Mean MSE: 335.3864669643563
Standard Deviation of MSE: 62.60773672770934


mean squared errors are decreased after utilizing the normalization as compared to the base model.

## C Increase the number of epochs

In [20]:
mse_list_norm=[]
for i in range(50):
    # Step 1: Split data into training and test sets
    X_train, X_test, y_train, y_test = train_test_split(X_norm, y, test_size=0.3, random_state=i)

    # Step 2: Build and train the model
    model = regression_model()
    model.fit(X_train, y_train, epochs=100, verbose=0, batch_size=32)

    # Step 3: Evaluate the model
    y_pred = model.predict(X_test).flatten()
    mse = mean_squared_error(y_test, y_pred)
    mse_list_norm.append(mse)

# Step 4: Calculate mean and standard deviation of MSEs
mean_mse_norm = np.mean(mse_list_norm)
std_mse_norm = np.std(mse_list_norm)

print(f"Mean MSE: {mean_mse_norm}")
print(f"Standard Deviation of MSE: {std_mse_norm}")

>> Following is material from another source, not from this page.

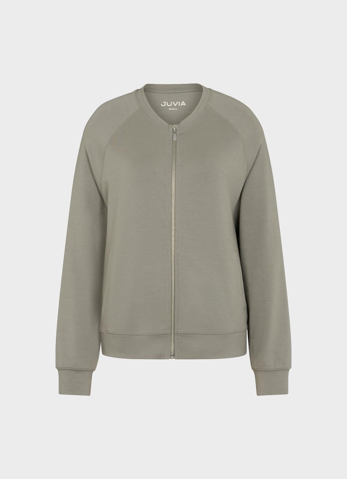 Felpa JUVIA modello Gemma è una giacca bomber con chiusura zip in colore grigio tortora in jersey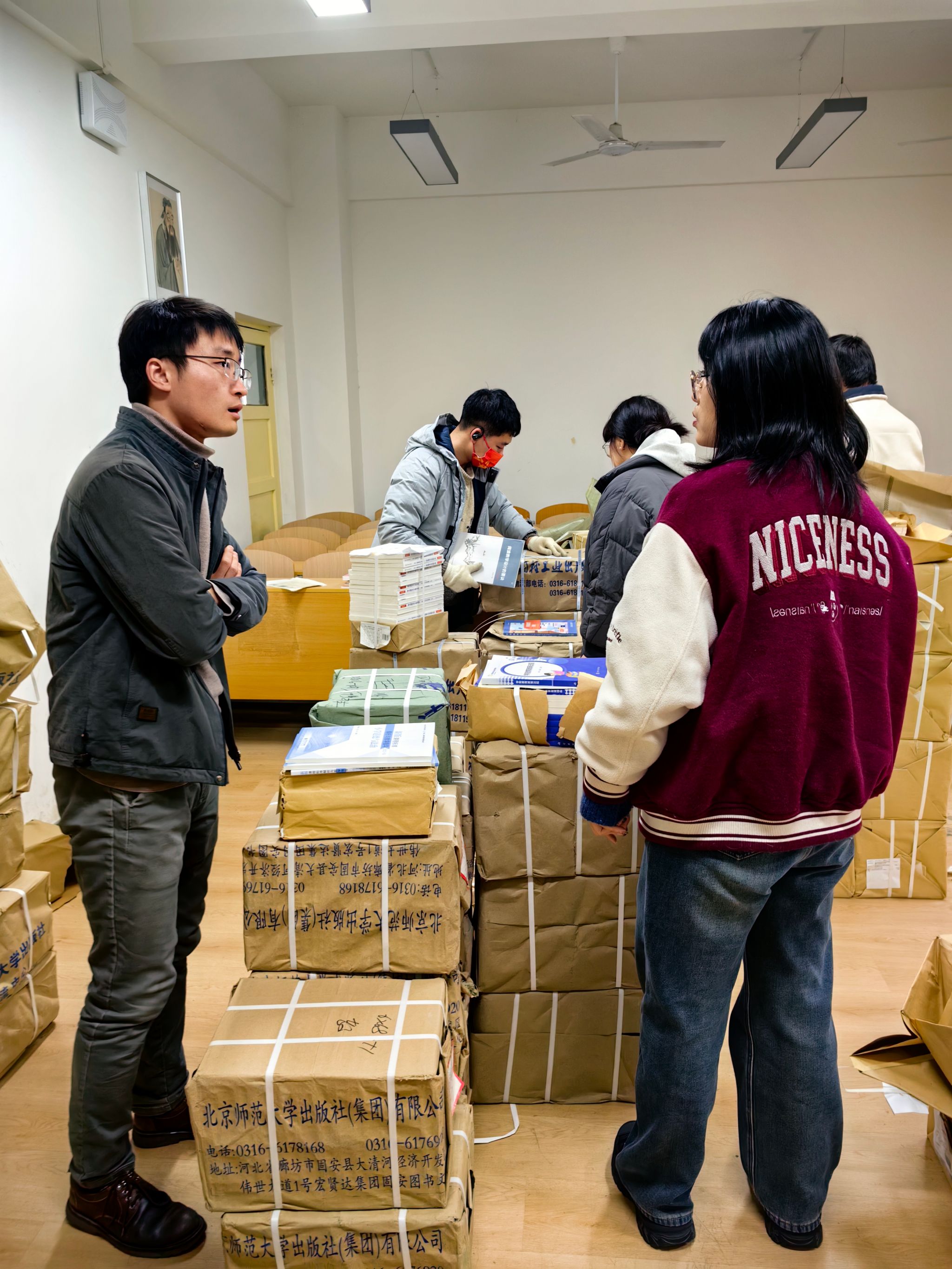 3月2日,辅导员领取新学期教材,打扫教学楼卫生,配齐所需工具,使各教室桌椅摆放整齐、卫生干净整洁,为学生上课前做好了充分的准备工作。

Mean MSE: 164.6315094014099
Standard Deviation of MSE: 19.86561782084384


mean squared errors are decreased after increseing number of epochs.

## D Increase the number of hidden layers

In [21]:
def regression_model_3():
    model=Sequential()
    model.add(Input(shape=(X_cols,)))
    model.add(Dense(10,activation='relu'))
    model.add(Dense(10,activation='relu'))
    model.add(Dense(10,activation='relu'))
    model.add(Dense(1))

    model.compile(optimizer='adam', loss='mean_squared_error')
    return model

In [22]:
mse_list_norm=[]
for i in range(50):
    # Step 1: Split data into training and test sets
    X_train, X_test, y_train, y_test = train_test_split(X_norm, y, test_size=0.3, random_state=i)

    # Step 2: Build and train the model
    model = regression_model_3()
    model.fit(X_train, y_train, epochs=50, verbose=0, batch_size=32)

    # Step 3: Evaluate the model
    y_pred = model.predict(X_test).flatten()
    mse = mean_squared_error(y_test, y_pred)
    mse_list_norm.append(mse)

# Step 4: Calculate mean and standard deviation of MSEs
mean_mse_norm = np.mean(mse_list_norm)
std_mse_norm = np.std(mse_list_norm)

print(f"Mean MSE: {mean_mse_norm}")
print(f"Standard Deviation of MSE: {std_mse_norm}")

Mean MSE: 130.40592878419469
Standard Deviation of MSE: 15.207411614847857


mean squared errors are decreased after increasing the number of hidden layers.